Coming soon . . .
Coming soon . . .
HiPSTAS is at MLA 2016 in Austin!
Thursday, 7 January
136. Close and Distant Listening to Poetry with HiPSTAS and PennSound
Program arranged by the Forum TM Libraries and Research
Presiding: Tanya E. Clement, Univ. of Texas, Austin
There are hundreds of thousands of hours of important spoken text audio files, dating back to the nineteenth century and up to the present day. These artifacts, many of which comprise poetry readings by significant literary figures, are only marginally accessible for listening and almost completely inaccessible for new forms of analysis and instruction in the digital age. Further, in August 2010, the Council on Library and Information Resources and the Library of Congress issued a report titled The State of Recorded Sound Preservation in the United States: A National Legacy at Risk in the Digital Age, which suggests that if scholars and students do not use sound archives, our cultural heritage institutions will be less inclined to preserve them. Librarians and archivists need to know what scholars and students want to do with sound artifacts in order to make these collections more accessible, but humanities scholars, arguably, also need to know what kinds of analysis are possible in an age of large, freely available digital collections and advanced computational analysis.

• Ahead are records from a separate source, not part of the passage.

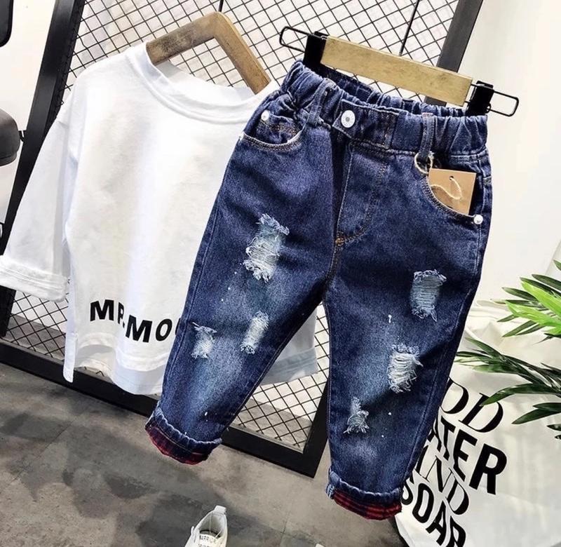 Стильные джинсы для мальчика с потертостями 👍🏻 Пояс на резинке,спереди и сзади есть карманы. Очень круто смотрятся на детках 😍 Хорошее качество и практичный дизайн 💥👍🏻 120- длина - 62 см, крок - 39 см, бедра 35 см(1 шт) 130 -довжина - 66 см,крок - 43 см, бедра 36 см (1 шт) а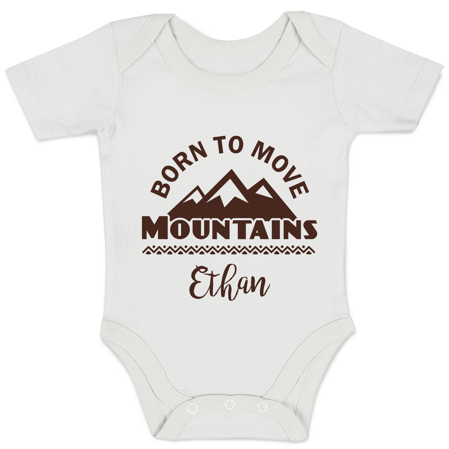 Personalized Organic Baby Bodysuit - Born To Move Mountains (White / Short Sleeve)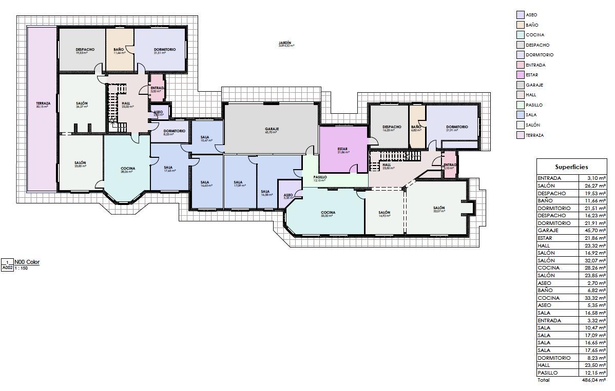 La planta baja permite una independencia total entre el ala de invitados o representación y el ala privada de la familia. Con una superficie de 486 m² solo en esta planta, el espacio se distribuye de la siguiente manera: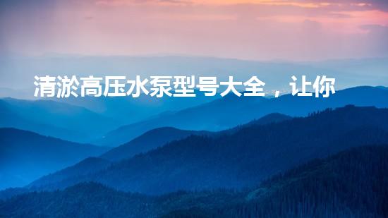 清淤高压水泵型号大全,让你轻松选择适合的产品!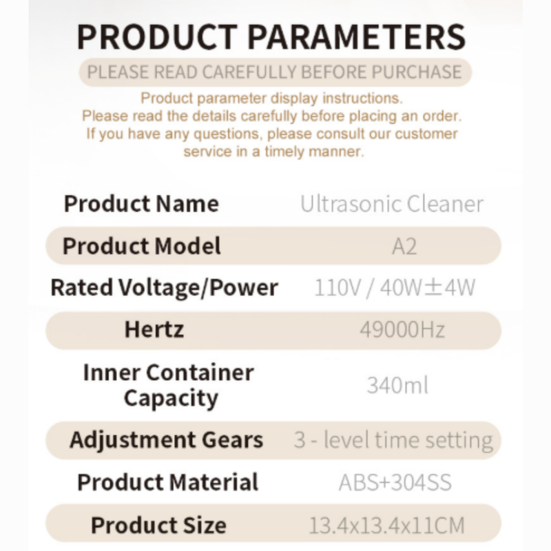 | Cleaning Modes | 3 Time Modes 180s / 300s / 600s |

To be sure, computer performance, in terms of speed and storage capacity, has increased to the point where it is now possible to analyze large audio collections with high performance systems, but scholars’ abilities to do new kinds of research (what Jerome McGann calls “imagining what you don’t know”) and to share and teach these methodologies with colleagues and students is almost entirely inhibited by present modes of access. This panel addresses these issues through an introduction to the HiPSTAS (High Performance Sound Technologies for Access and Scholarship) Project. Funded by the National Endowment for the Humanities, HiPSTAS is a collaboration between the iSchool at the University of Texas, Austin and the Illinois Informatics Institute (I3) at the University of Illinois at Urbana-Champaign as well as scholars, librarians and archivists to develop new technologies for facilitating accessing and analyzing spoken word recordings.
Specifically, this panel will address what it means to “close-listen” (Bernstein 2011) and “distant-listen” (Clement 2012) to digital recordings of poetry performances.

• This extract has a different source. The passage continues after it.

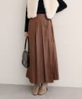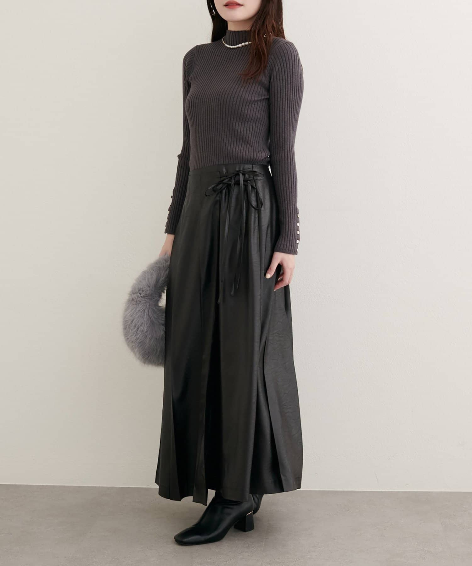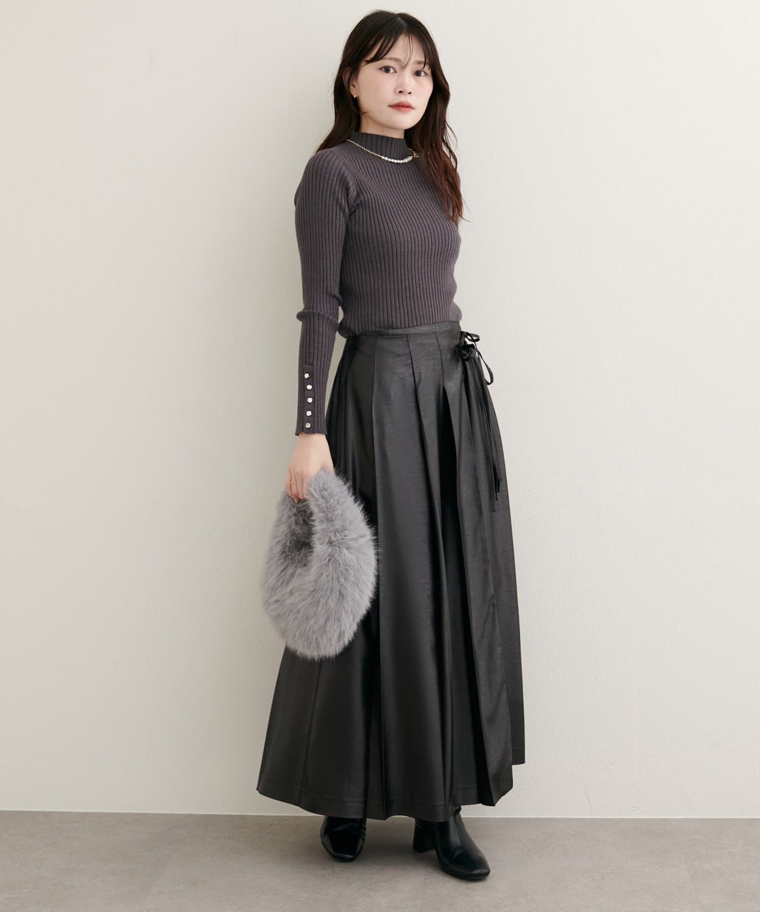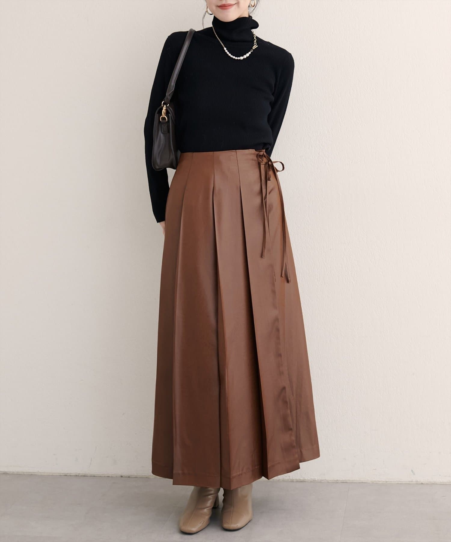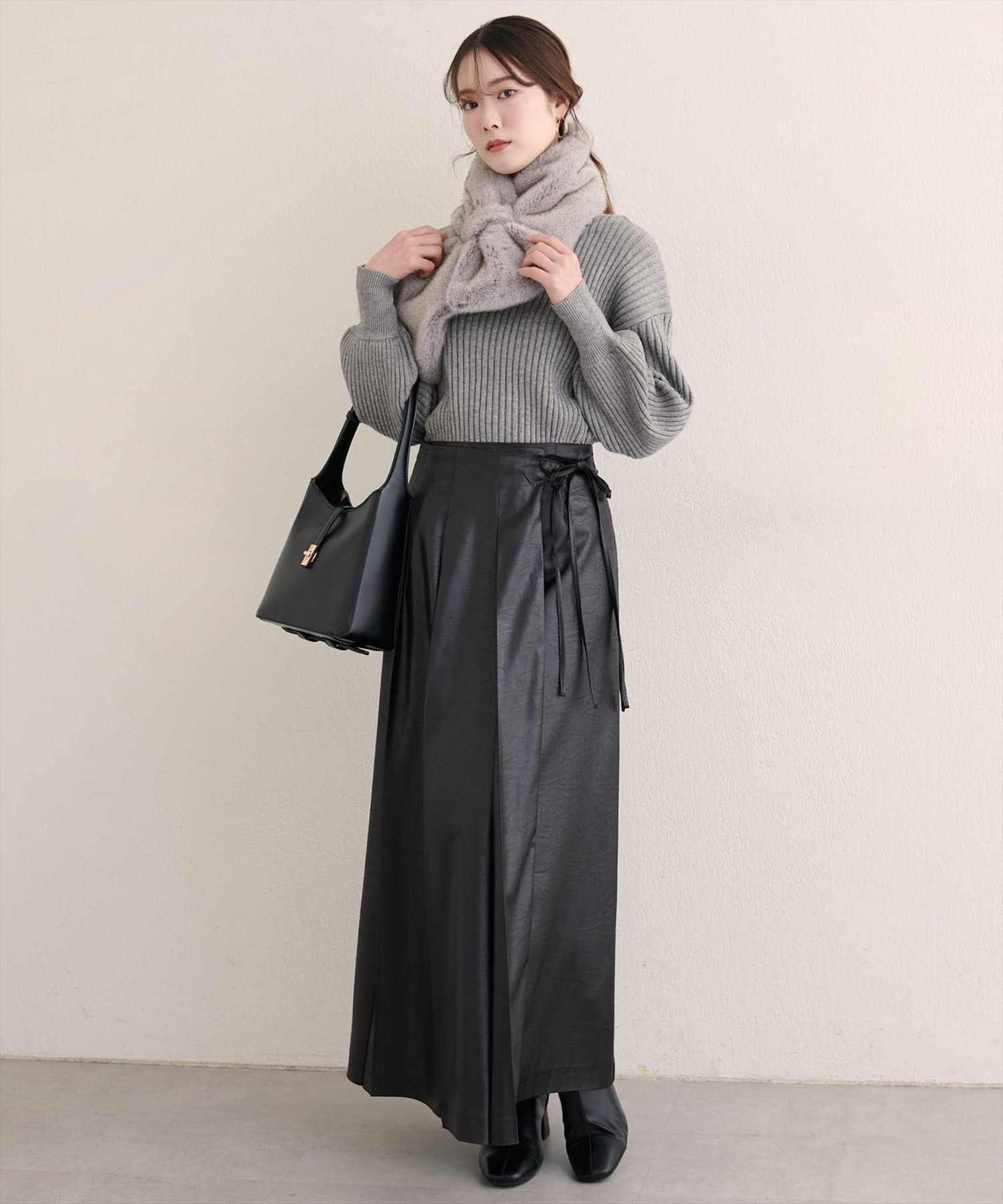 まるで本革のような上品さが魅力の、レザータッチプリーツラップスカート。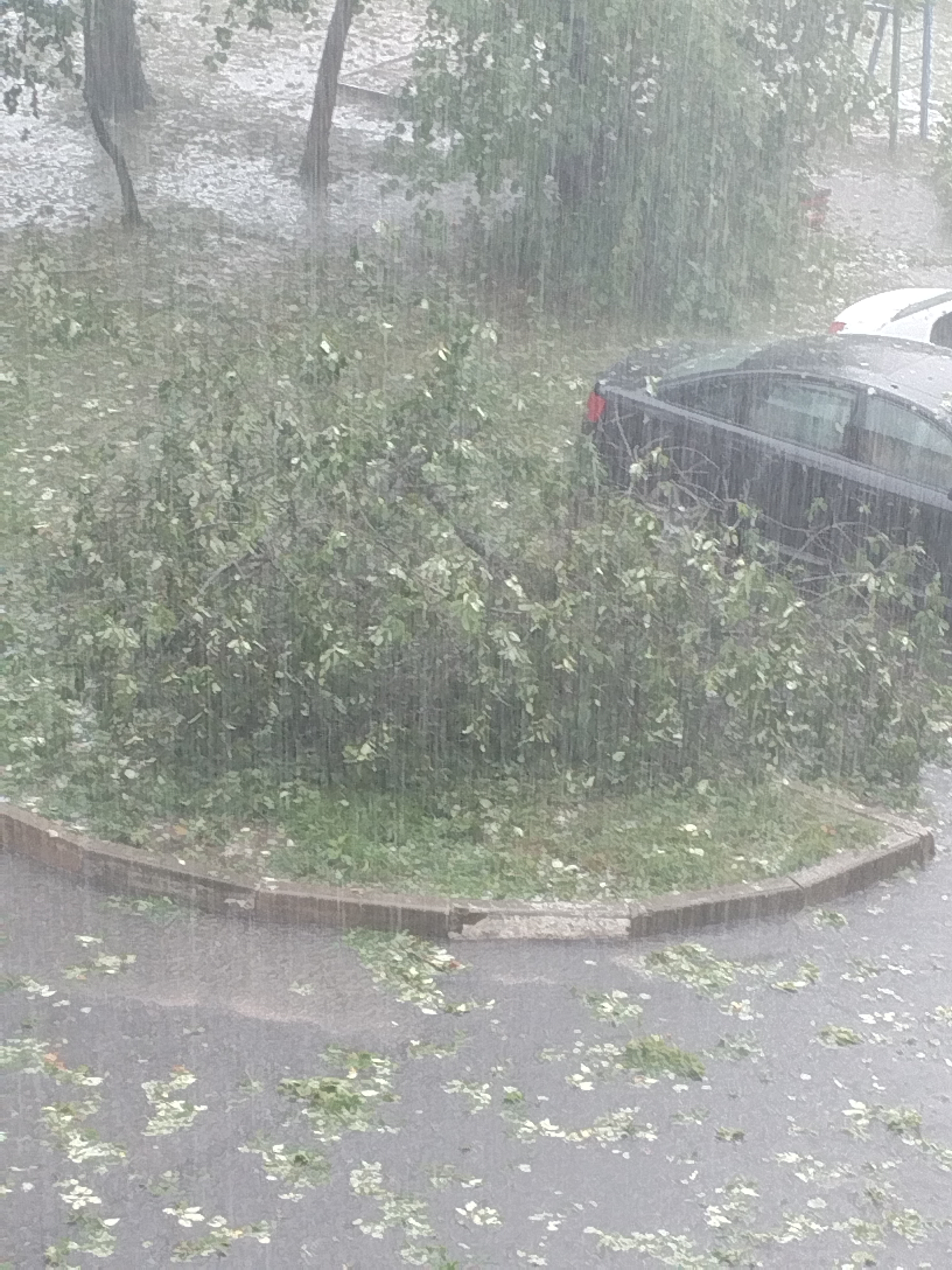 Машину слегка град покоцал. Меня не сильно,но все равно( градины на фото и по больше были. Это я домой принес жене показать. Подтаяли уже))

Charles Bernstein, co-director of PennSound (the largest internet archive of poetry readings, both in terms of content and audience), closely identifies literary scholarly inquiry into sound or “close listening” with increased access, claiming that with such access, “the sound file would become . . . a text for study, much like the visual document. The acoustic experience of listening to the poem would begin to compete with the visual experience of reading the poem” (Bernstein 114). This fifteen-minute introduction will be the first MLA presentation on how PennSound’s modes of access, though freely available as downloads, are shaped not only by editorial criteria and approaches to copyright, but also by modes of funding, technical features, how the site is used by listeners both in the U.S. and globally, and the relationship the site has to institutional affiliations such as the University of Pennsylvania Libraries and the Electronic Poetry Center.

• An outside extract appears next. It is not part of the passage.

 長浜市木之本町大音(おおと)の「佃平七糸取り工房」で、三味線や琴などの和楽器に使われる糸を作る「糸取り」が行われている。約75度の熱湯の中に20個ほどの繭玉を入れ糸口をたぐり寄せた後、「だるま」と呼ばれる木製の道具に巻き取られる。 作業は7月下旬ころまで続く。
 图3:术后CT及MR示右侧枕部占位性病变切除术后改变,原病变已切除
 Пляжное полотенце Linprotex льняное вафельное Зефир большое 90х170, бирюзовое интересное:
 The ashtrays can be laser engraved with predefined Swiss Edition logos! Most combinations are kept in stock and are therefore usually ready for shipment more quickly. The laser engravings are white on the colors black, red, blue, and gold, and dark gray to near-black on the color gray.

This panel will also comprise first presentations from the HiPSTAS project. The HiPSTAS team is developing ARLO (Adaptive Recognition with Layered Optimization), as a tool for “distant listening” or “investigat[ing] significant patterns within the context of a system that can translate ‘noise’ (or seemingly unintelligible information) into patterns” (Clement 2012) for interpretation. As the remaining panelists will show in three, fifteen-minute presentations, some of these patterns of interest include audience sounds, material sounds that resound from recording technologies, and performance sounds that help us discern versions from remixes of poems.
Steve McLaughlin will consider audience feedback as a distinctive feature of public poetry performance that is widely overlooked. Applause, a convention so common as to be nearly invisible, indexes the presence of an audience while conveying a general sense of its size, disposition, and perhaps the success of a given reading. Fortunately, the sonic properties of applause make it well-suited for identification through machine learning. Using measurements produced by the ARLO audio analysis tool, this presentation will tease out applause patterns in poetry recordings from the PennSound archive, with reference to region, venue, time period, and other factors.
The provenance of recordings, which can provide important clues to social, economic, and production histories, is another feature that is often lost in transcriptions. The question remains whether material provenance can be recovered from vestigial artifacts encoded in recordings as “para-sound watermarks”. In his talk, Chris Mustazza will consider whether audio analysis tools can help uncover material signatures in early poetry recordings, including some by Vachel Lindsay, Gertrude Stein, and James Weldon Johnson, originally made on aluminum records and attempt to locate other recordings of common provenance in the PennSound archive. Additional topics will include the ontological implications for audio transcodings, and connecting materiality to the conditions of (re)publication.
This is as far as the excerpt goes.